Welcome to another #SanFranciscoSunday! Today I want to talk about the Filbert Street Steps and Grace Marchant.
San Francisco is chock full of step streets: that is, public byways and roads which are, in fact, staircases. There are many of them in San Francisco, and in fact I’ve taken more than one walking tour focused solely on step streets. Many of the streets naturally have homes and addresses on them, but only one has a parking meter and one of the largest public gardens in town.
Before we talk about the Filbert Street Steps or the gardens, however, let’s talk about an amazing woman named Grace Marchant.
Grace Merchant was born and raised in South Dakota in 1886. I started to type “rural South Dakota,” but I don’t think there was much of any other kind of South Dakota to be found at the time. She married a farmer, had a daughter by him, and by 1912 decided farm life was boring as could be. She packed up her daughter Valetta, bought train fare, and moved to California to seek adventure.
Almost immediately, she got into show business working for Mack Sennett. Sennett’s name isn’t terribly familiar to us today, but his creations are: he founded Keystone Studios, built the first totally enclosed soundstage and filming studio, and invented countless film tropes we still celebrate. Probably half the films of the last century (and more) somehow make use of his ideas. I’m not kidding. He invented hitting someone in the face with a pie for laughs. He invented car chases.

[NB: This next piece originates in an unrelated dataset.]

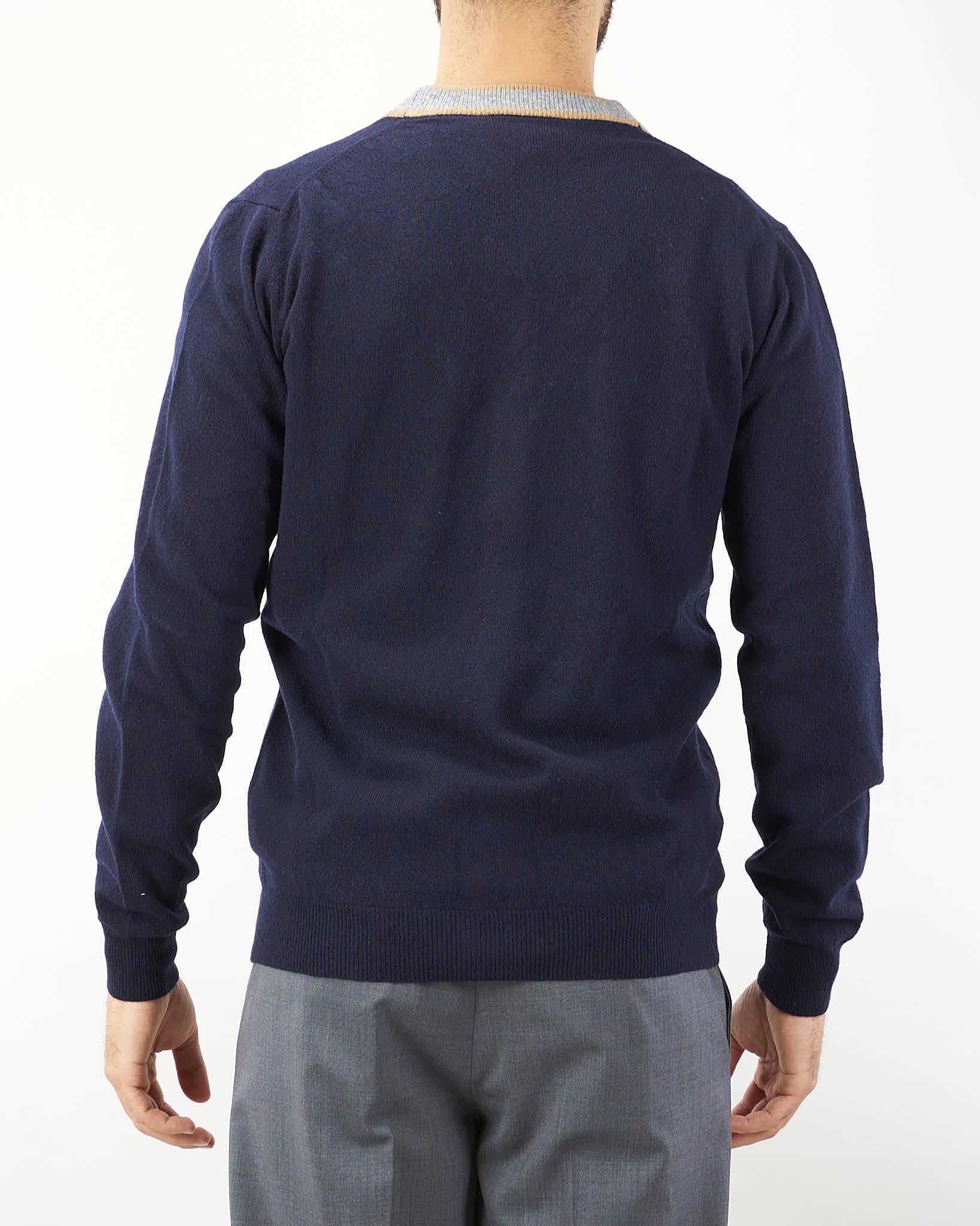 Cardigan Grigio in pura lana con dettagli a contrasto

Sennett had actually been born Michael Sinnott, but changed his name on getting to Hollywood himself. He advised Grace Merchant to do so as well and shortly thereafter she became Grace Marchant, with two A’s.
Marchant became one of Sennett’s “Bathing Beauties,” but she also became one of Hollywood’s early stuntwomen. Marchant’s specialty? Diving from ocean liners. She did stunts other than that, but that’s the one that absolutely floored me.
Grace pushed Valetta to get into show business as well, and she did–though they were ever at odds about it. Valetta became a dancer and a chorus line singer, and eventually the theater troupes and Vaudeville shows she performed with moved to San Francisco. Grace, by then working as the seamstress for her daughter’s dance troupe, moved with them.
Grace and Valetta spent World War II working together, building “Liberty Ships” (a variety of tanker) in Sausalito, just the other side of the Golden Gate. But by 1949, Grace was 63 and had moved to Napier Lane and the Filbert Steps, just around the corner from her daughter and son-in-law.
The Filbert Steps had, at that point, been an open-air garbage dump for decades. I don’t mean there was a little trash. I mean people dumped big stuff by simply tossing it down from above. Grace moved in and discovered the steps running through her neighborhood covered in old tires, abandoned furniture, entire stoves, even houses. At the time very few structures on Telegraph Hill had been built or removed according to code or using permits (a practice Grace’s son-in-law called “bootleg architecture,” in which Grace herself was an enthusiastic participant), and entire cottages had, on being demolished, simply been pushed over onto other, lower parts of the face of Telegraph Hill.
Grace began the work for which she’s most known now by clearing a little patch of ground and planting Soleirolia soleirolii, aka “baby’s tears,” a hearty little plant that doesn’t need much to survive.
How did she clear the garbage? She carried it to a different spot on the cliffs of Telegraph Hill and threw it over the side there.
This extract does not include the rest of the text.